How Do Soft Loans Work?

Compared to conventional funding sources, soft loans feature far more benevolent payback terms. Typical traits include:

  • Long grace periods before borrowers are required to start paying
  • Interest rates that are below market rates

The money from soft loans is frequently required to be used for a particular use, such as aiding refugees or making investments in infrastructure, agriculture, or information technology.

Soft loans often have a repayment schedule and may even offer 0% financing, as most loans do.

The International Monetary Fund (IMF), which provides soft loans through three distinct lending programs: extended-credit (ECF), standby-credit (SCF), and rapid-credit (RCF) facilities, is a good example of a provider of soft loans with 0% interest rates:

  • ECF: 0% for a limited time, no payments due for the first five-and-a-half years.
  • SCF: 0% interest for a limited time, no payments due for the first four years.
  • RCF: Permanent 0% interest rate, no payments due for the first five-and-a-half years.

Who Offers Soft Loans?

Typically, soft loans are provided by governmental and developmental organizations. Soft loans are provided by organizations or federal agencies such as export-import banks and institutions like the IMF. These organizations decide the loan’s conditions and agree on them with the borrowers.

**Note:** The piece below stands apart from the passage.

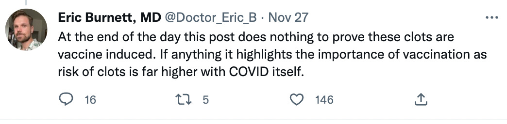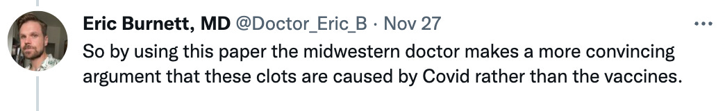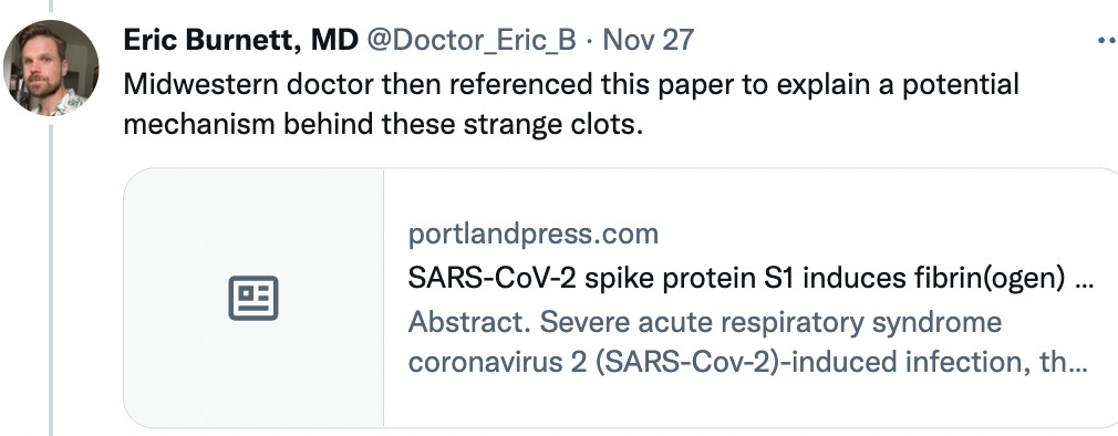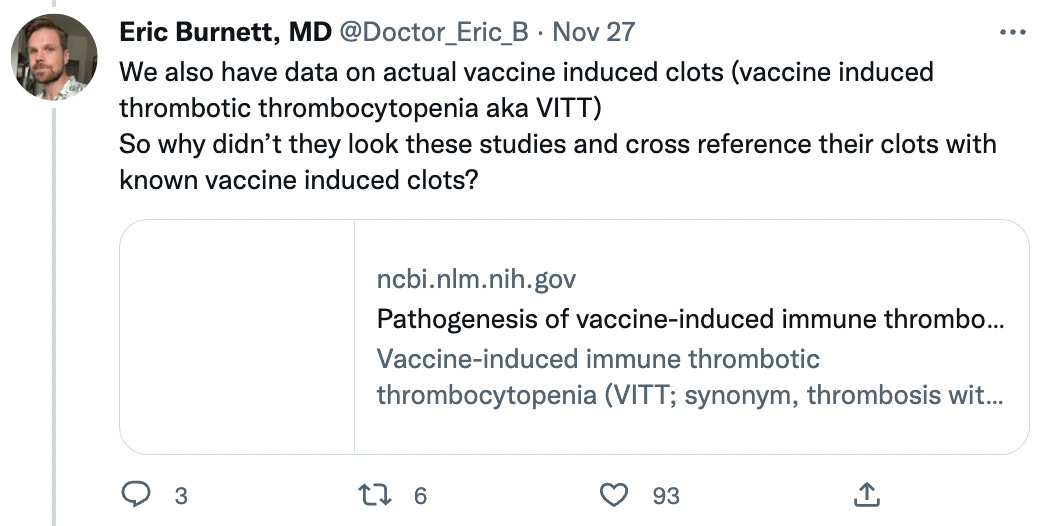 This is correct, and the reason why I did not heavily emphasize the article. Something I do not believe Dr. Burnett appreciates is that like other aspects of the pandemic, many laboratory owners have been asked to test the blood clots, but have been unwilling to publicize their data for fear of their lab going out of business in retaliation for doing so (I know specific instances of lab owners who stated this).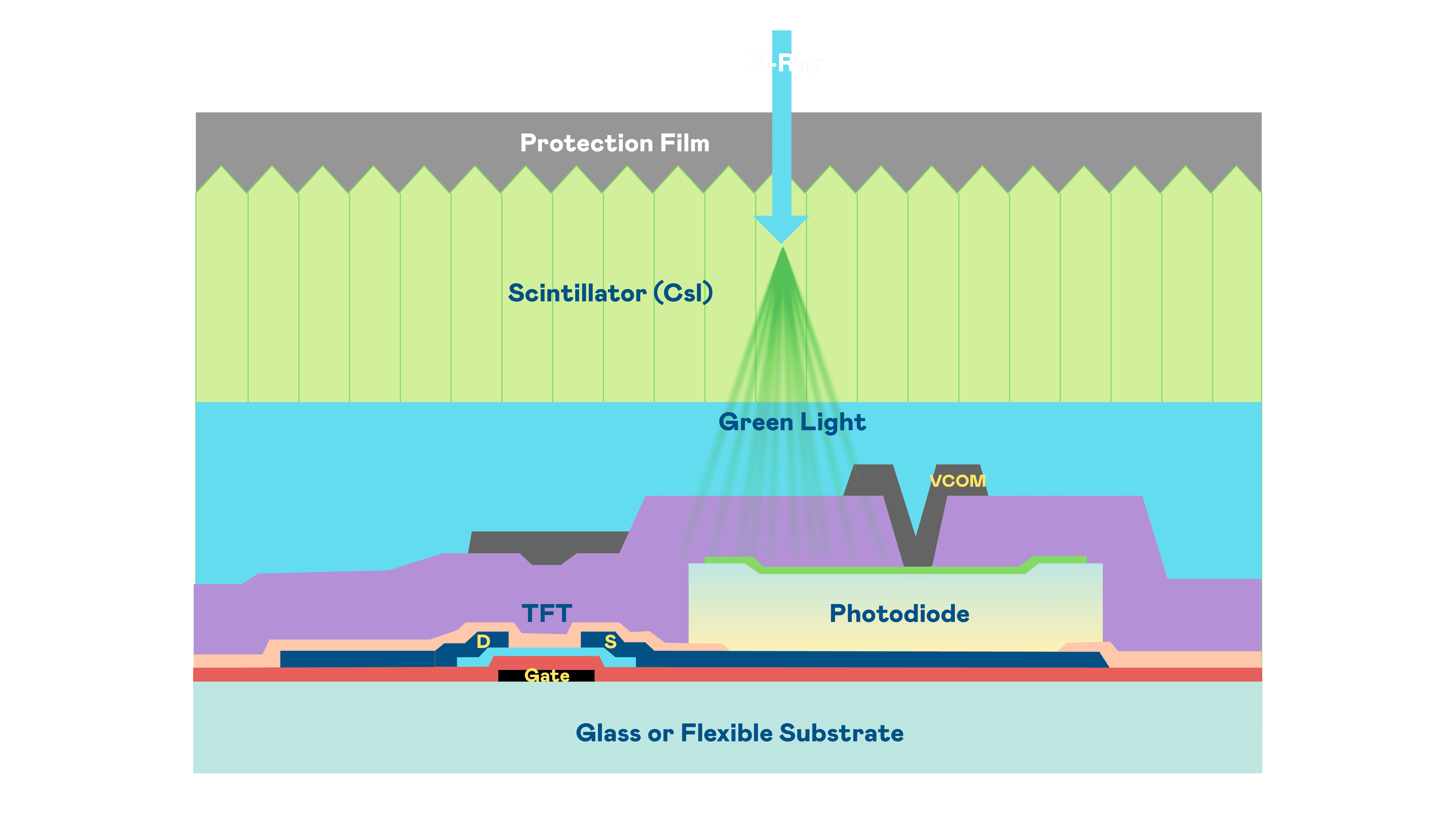 尊龙集团的X光影像感测阵列使用薄膜电晶体 (TFT) 作为每个像素的读取开关,,搭配光电二极体(Photodiode)的光电转换元件,,用以感测X光影像讯号。。。

Do Soft Loans Offer a Return?

Soft loan recipients may have prospects for economic growth, but soft loan lenders may not receive a return on their investment for years, if ever. Additionally, in some circumstances, borrowers may get overburdened with payment commitments, which may worsen rather than help their financial status.

For instance, due to increasing financial pressure, Ethiopia had to renegotiate some of the terms of soft loans that China offered.

Soft loans are often not intended to turn a profit, thus the government agencies and developmental organizations that provide them may be amenable to forgiving outstanding debt.